Autonomous Robots Programmed by Stanford Students Mimic Self-Driving Cars

A tiny robot, which is about the size of a milk jug, rolls along at a cautious pace, mapping its environment in a miniature city. It then stops, turns, and records more data about its surroundings – a wall here, a fence there – while simultaneously watching for animals in danger or in need of rescue.

Programmed by Stanford University students, the robot navigates an unknown cityscape autonomously and helps in a simulated rescue of animals in danger. The robots as well as their rescue mission are all part of the final demonstration day held for Stanford University students in the Principles of Robotic Autonomy class - a class that imitates the programming required for future autonomous robots or cars.
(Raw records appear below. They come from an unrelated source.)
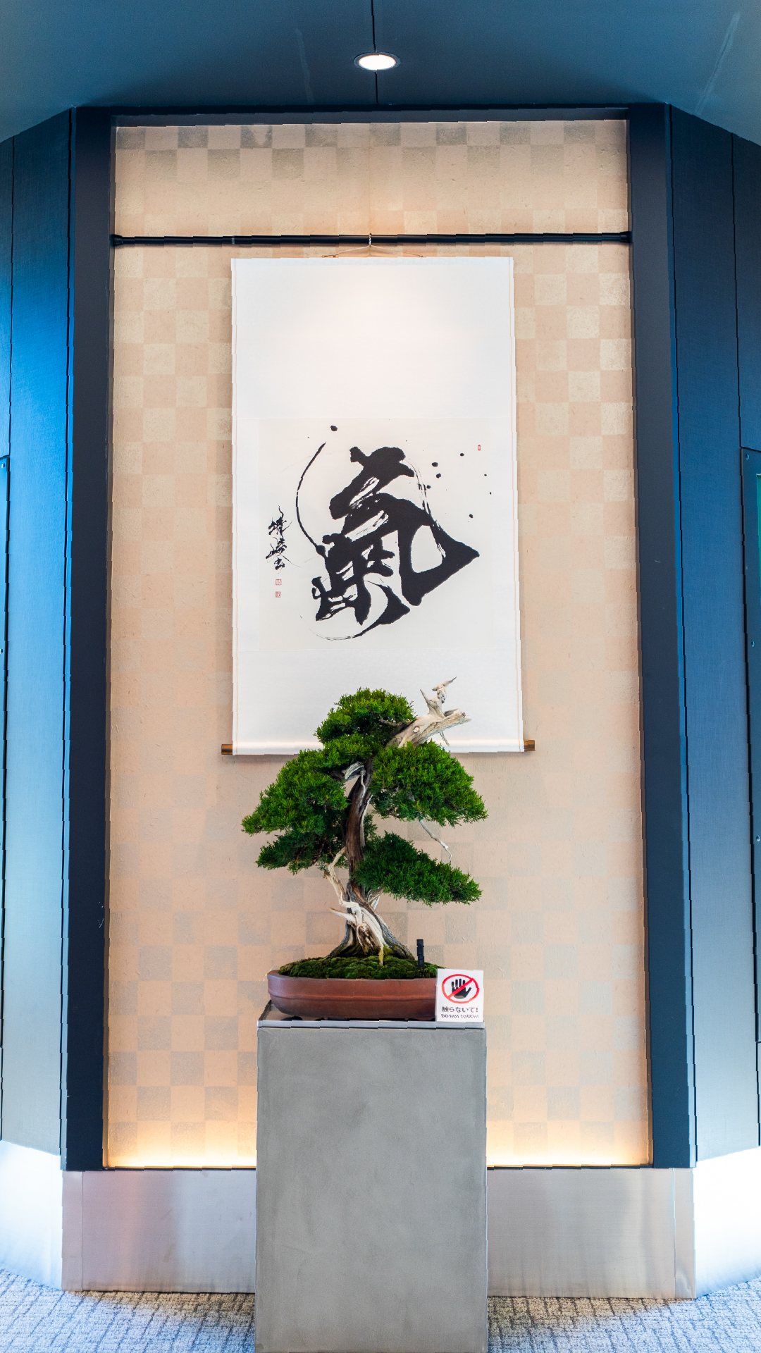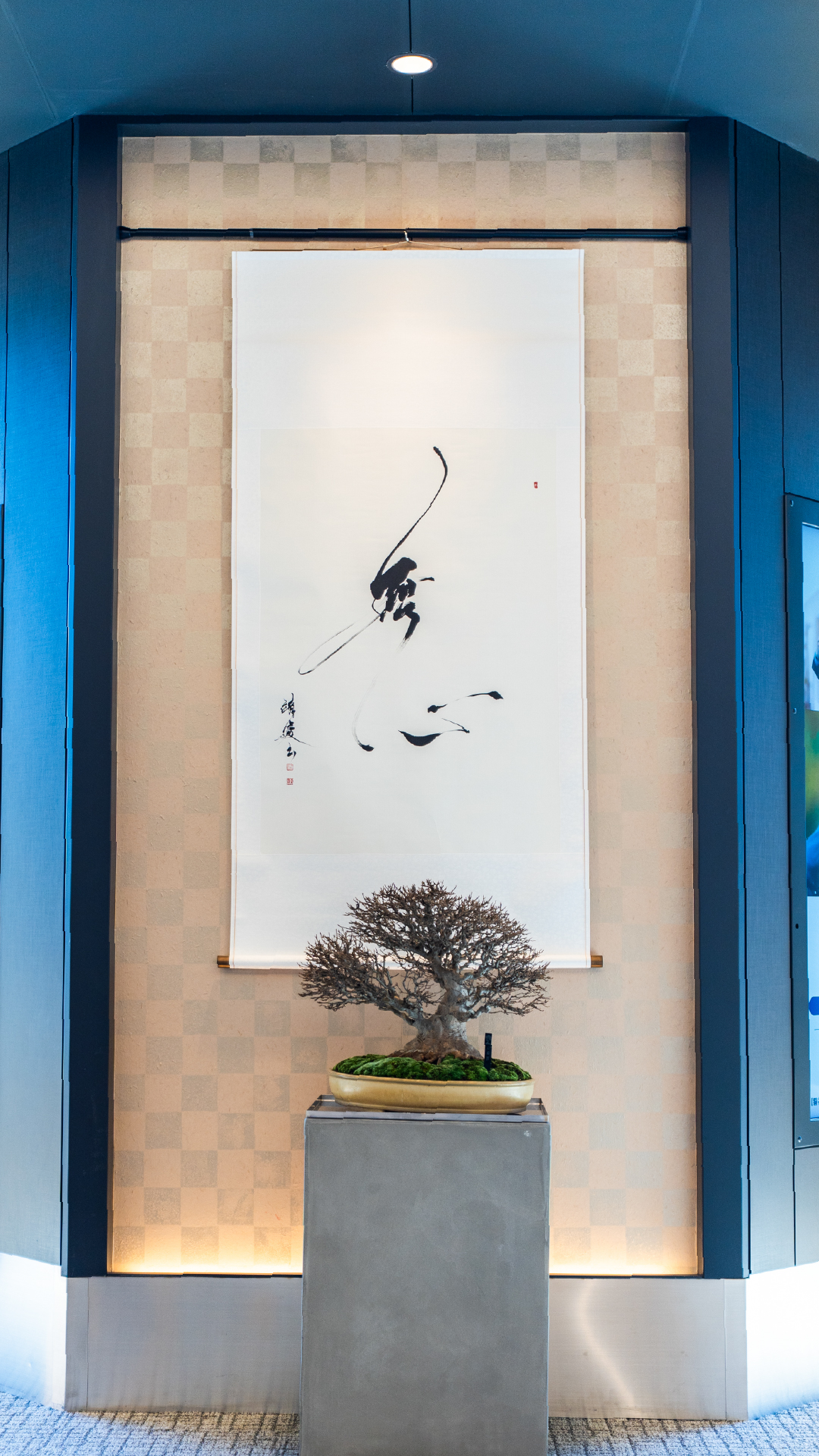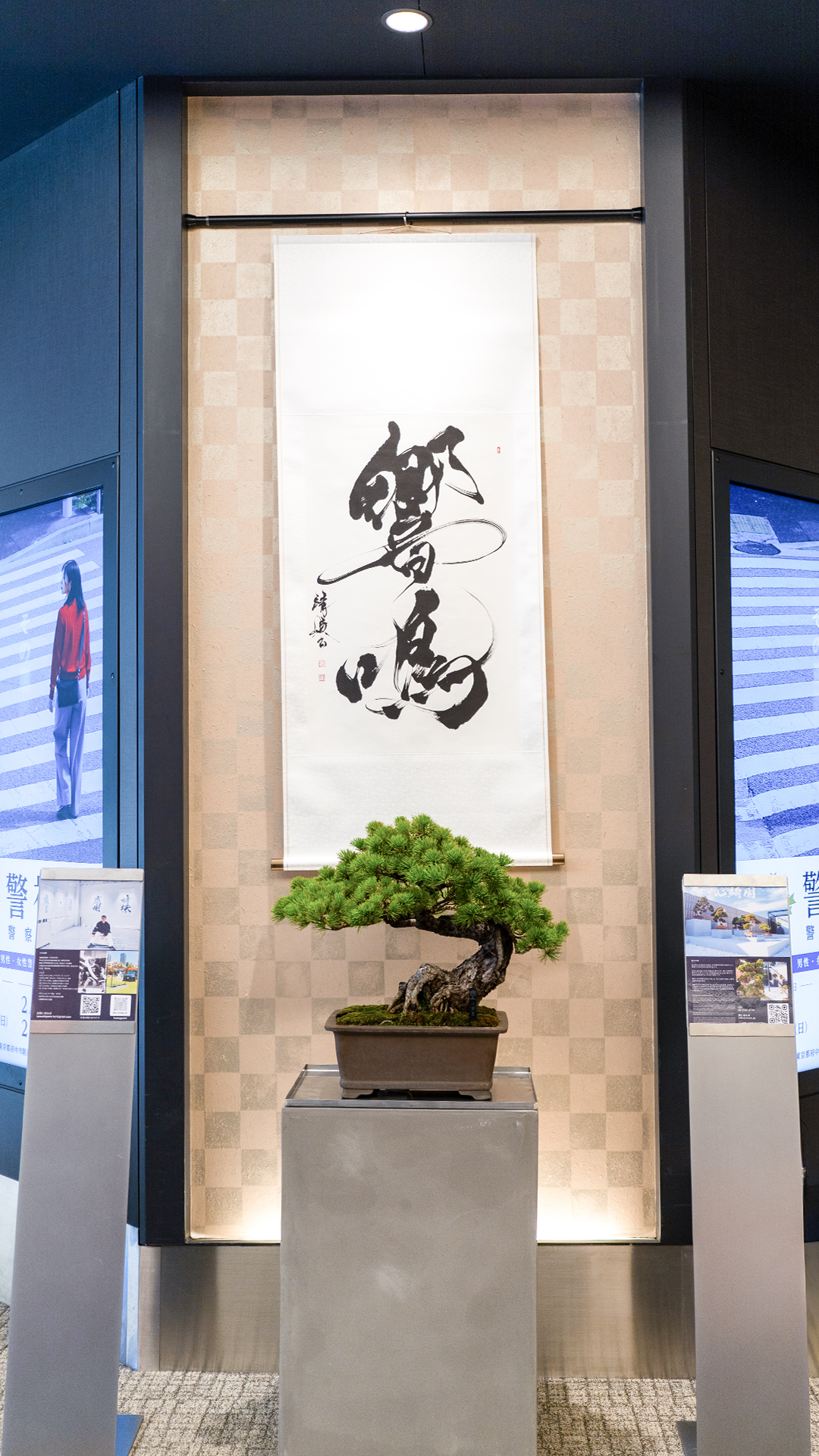 盆栽と書が同じ空間にあることで、それぞれの存在感がより際立ち、静かな緊張感と調和が生まれました。
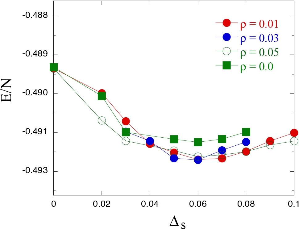 横軸は超伝導オーダーパラメーター Δs を表し, 縦軸は単位サイトあたりのエネルギーを表す.
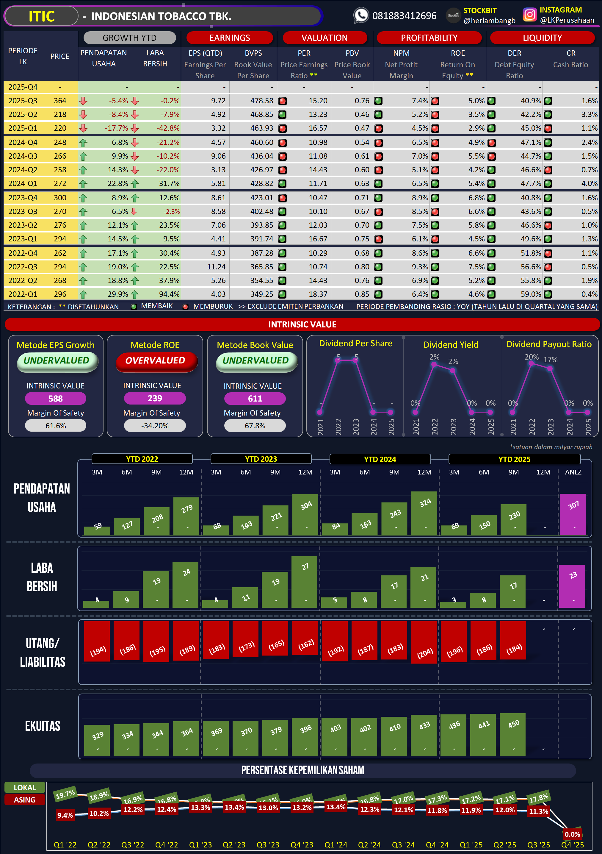 ITIC adalah perusahaan rokok pertama yang merilis LK Q3 2025. Banyak pihak sempat berharap bisnis rokok akan kembali cetak laba gede setelah Menteri Keuangan berganti dari Sri Mulyani yang hampir setiap tahun mendorong kenaikan cukai ke Purbaya yang diharapkan lebih ramah terhadap industri. Namun pergantian menteri keuangan baru terjadi awal September 2025 sehingga data LK Q3 2025 ini bisa jadi belum mencerminkan dampaknya. Pertanyaan besarnya tentu apakah perubahan kebijakan cukai ini benar-benar bisa mengangkat kembali performa ITIC yang selama ini tersendat karena regulasi yang menekan. Upgrade Skill https://cutt.ly/Ve3nZHZf
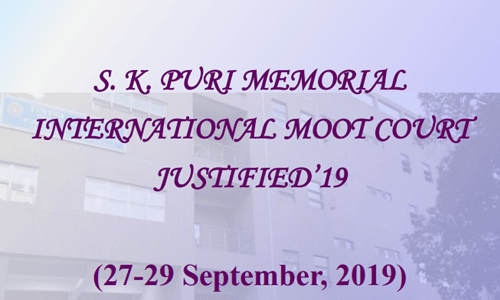 University of Delhi, Law Centre-II is organizing S. K. Puri Memorial International Moot Court Justified'19 to be held on 27th to 29th September 2019.
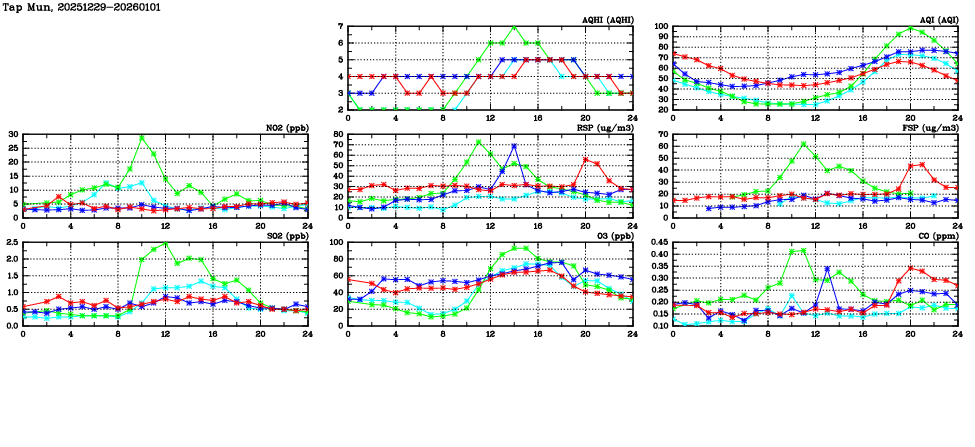 | Air Quality Data Time Series in Tap Mun (2026/01/01) | ( Line colors: Day -3 Day -2 Day -1 Current day ) | 2D Map Current AQHI |
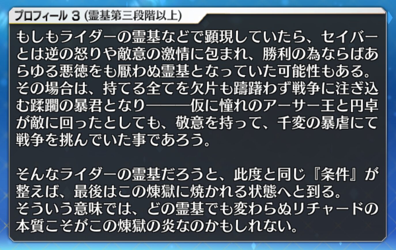 三臨霊基のリチャードマテを見る限り「敬意をもって千変の暴虐を使い円卓と戦うだろう」とあるので、これは嘲りではなく、敬意を持って言っていますね獅子心王・・・コラボシナリオ、もしかして6章執筆当時から構想あった感じなのかなあ。
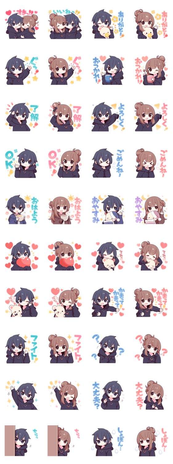 友達やカップル、家族といっしょに使えるペアスタンプです。毎日使える挨拶やリアクション、伝えたい言葉が沢山入っています。2キャラ入ったお得なセットとしても是非♪
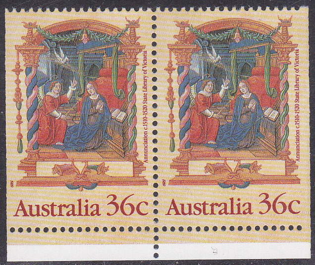 Die Marke zu 36 Cent zeigt eine Illustration zu "Mariä Verkündigung". Hier eine vierseitig gezähnte Marke (MiNr 1177 A) aus dem Bogen.
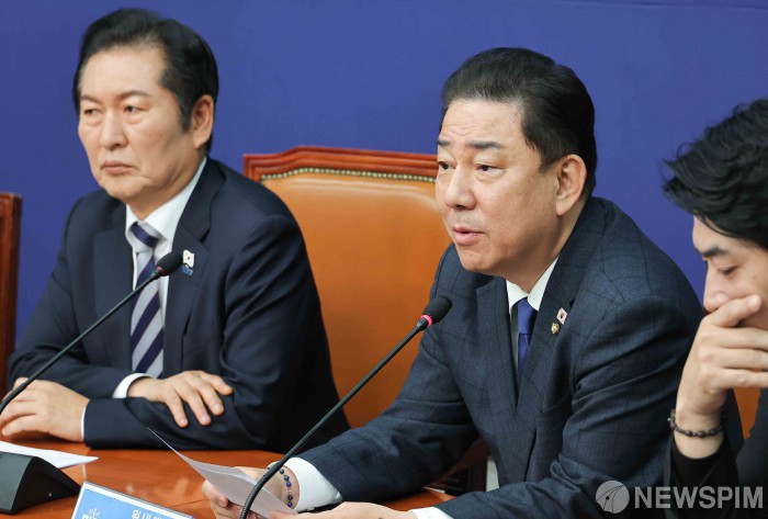 [서울=뉴스핌] 윤창빈 기자 = 김병기 더불어민주당 원내대표가 21일 서울 여의도 국회에서 열린 최고우원회의에서 모두발언을 하고 있다. 2025.11.21 pangbin@newspim.com

These robots are small but they contain a representative set of sensors that you would see on a real self-driving car. So, in a way, it is a sort of miniature city where self-driving robots are moving around in a way that is analogous to how a real self-driving car would behave in the world.

Marco Pavone, Instructor for the Course & Assistant Professor of Aeronautics & Astronautics at Stanford

For the demonstration, the full mission of the robots was to map the toy-size city, locate animals along the way, and then report back to an emergency responder headquarters. They would then need to go back to each animal to guide the rescue team.

Laser sensors were integrated in the compact, autonomous robots to help them detect and record obstacles. The robots were also fitted with an on-board computer as well as cameras to enable them to detect animals – in this case denoted by photos of dogs, cats, and an elephant. Using image classification developed through deep learning algorithms and industry-standard software, student teams programmed their robots to operate at different levels of autonomy,

Wide-ranging skills and successes

The class is open to ambitious undergraduates and graduate students, and not just limited to engineering. The class allows students to learn skills that cross multiple disciplines, enables them to explore the math behind the algorithms coded by them, and allows them to learn ways to program those mathematical ideas into their robots.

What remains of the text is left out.